Am I alone in wanting the car to be noisier in terms of engine sound and exhaust (but not rubber)? What's with all this turning the soundaktor off? Isn't this part of the fun of it?!

Sent from AutoGuide.com Free App


----------



## R_TTS (Mar 16, 2016)

sherry13 said:


> Am I alone in wanting the car to be noisier in terms of engine sound and exhaust (but not rubber)? What's with all this turning the soundaktor off? Isn't this part of the fun of it?!


I'd definitely like the engine and exhaust sound to be noisier, but not artificially generated. A good engine/exhaust sound really adds to the excitement of driving for me.
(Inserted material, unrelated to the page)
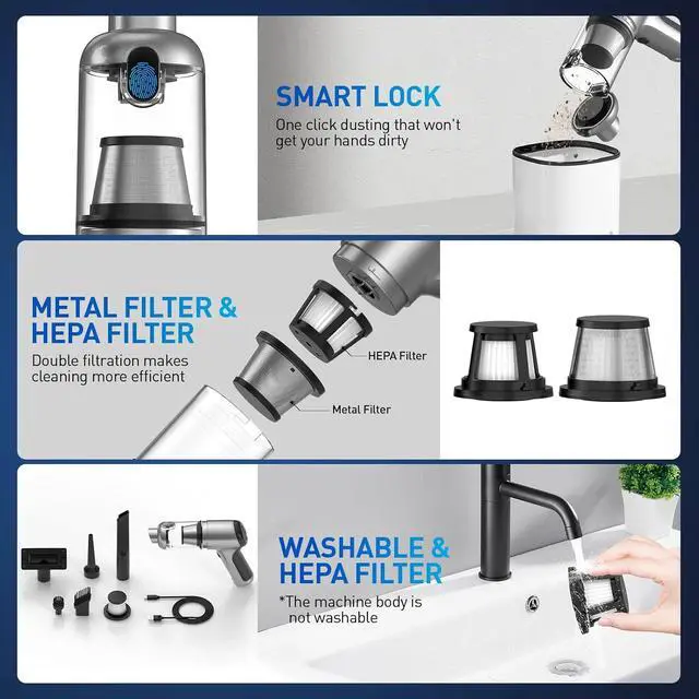 Dual Filtration & Easy EmptyingThis handheld vacuum cordless features a dual filtration system for improved dust management. The first steel mesh filter captures larger particles, while the second is a washable and reusable HEPA filter that traps fine dust and helps protect the motor. The one-touch dust removal design allows you to empty the bin smoothly without dirtying your hands

I could do without the DSG fart though, which sounds awful IMO.

Opinion based of test drives and online audio so far, so hoping I'll like the noise more once I finally take delivery.


----------



## EvilTed (Feb 5, 2016)

R_TTS said:


> sherry13 said:
> 
> 
> > Am I alone in wanting the car to be noisier in terms of engine sound and exhaust (but not rubber)? What's with all this turning the soundaktor off? Isn't this part of the fun of it?!
> ...


I like the fart. It's one of the things that made me grin on the test-drive. Artificial or not.

Horses for courses as always but hopefully you'll enjoy it more when you have your own. I believe you can reduce the trumping on gear shift by not selecting dynamic for one of the settings and making that your individual setup. I'm not sure if that means you also dial down throttle response or anything else though so you may get less fart but also less fun?


----------



## can_quattro (Jun 11, 2009)

Just to clarify, the DSG fart is not produced by the soundaktor, that is quite real.
Soundaktor only affects what you hear inside the car.


----------



## The Yeoman (Mar 31, 2016)

EvilTed said:


> R_TTS said:
> 
> 
> > sherry13 said:
> ...


The farting is definitely more pronounced when you have the transmission in sport over regular drive mode


----------



## MarcF-TT (Jun 14, 2011)

EvilTed said:


> I like the fart. It's one of the things that made me grin on the test-drive.


True story, I wasn't going to get another TT however had a spare day in Dubai and ended up booking a driving experience. They had regular MK3 TT's and it made the DSG change sound while on track which made me grin a lot. I was surprised when they said the cars weren't modified in any way!

Happy with it on my TTS!


----------